5. The information processing apparatus according to claim 4, characterized in that the display control means displays information relating to a document in order based on information relating to the date and time of the document included in the document group.

6. The aforementioned documents are those found using the specified criteria. The information processing device according to claim 3, wherein the identifying means identifies a document that represents the document group based on information relating to the ranking of documents included in the document group searched according to the conditions.

7. The information processing apparatus according to claim 6, characterized in that the display control means displays information relating to a document in order based on information relating to the ranking of documents included in the document group that were searched according to the conditions.

8. The information processing apparatus according to claim 1 or 2, characterized in that the display control means displays information relating to the number of documents included in the document group.

9. The information processing apparatus according to claim 2, characterized in that the display control means displays a reception unit that receives instructions to expand and display information relating to documents included in the document group.

10. The information processing apparatus according to claim 1 or 2, characterized in that the display control means compares and displays information relating to a plurality of documents included in the document group.

11. The information processing apparatus according to claim 1 or 2, characterized in that the classification means classifies based on the similarity between information relating to documents.

12. The information processing apparatus according to claim 11, characterized in that the classification means classifies based on the degree of agreement between characteristic words obtained from a document.
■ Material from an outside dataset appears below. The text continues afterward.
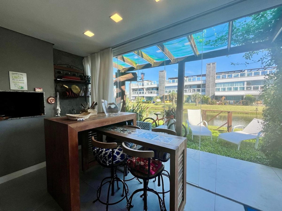 Loft beira lago tudo pronto para aproveitar as férias e relaxar com muito conforto. LAZER DO CONDOMÍNIO: * PISCINA COM BORDA INFINITA; * PISCINA AQUECIDA COM RAIA DE 25M; * BAR PISCINA; * SALOES DE FESTA GOURMET E PUB; * FITNESS; * ESTETICA; * CINEMA; * SAUNA SECA E UMIDA; * QUADRAS DE TENIS DE SAIBRO; * CAMPO DE FUTEBOL; * QUIOSQUE COM CHURRASQUEIRA; * FITNESS EXTERNO E PRACA TEMATICA; * QUADRA POLIESPORTIVA; * PRAINHA E QUADRA DE VOLEI DE PRAIA; * PARADOURO BEIRA MAR.

13. The information processing apparatus according to claim 11, characterized in that the classification means classifies based on the relationships between the names of the documents.

14. The information processing device according to claim 1 or 2, characterized in that the document is a document retrieved under specified conditions.

15. The classification means includes a classification step of classifying documents into document groups, A display control step in which the display control means controls the information relating to the classified documents to be aggregated and displayed for each document group, Equipped with, The control method for an information processing device is characterized in that the display control step displays information indicating whether the document group contains multiple documents.

16. A program that can be executed in an information processing device, The aforementioned information processing device A classification method for classifying documents into document groups, Display control means that controls the display of information related to the classified documents, aggregated for each document group. To make it function as, The display control means is a program characterized by displaying information indicating whether the document group contains multiple documents.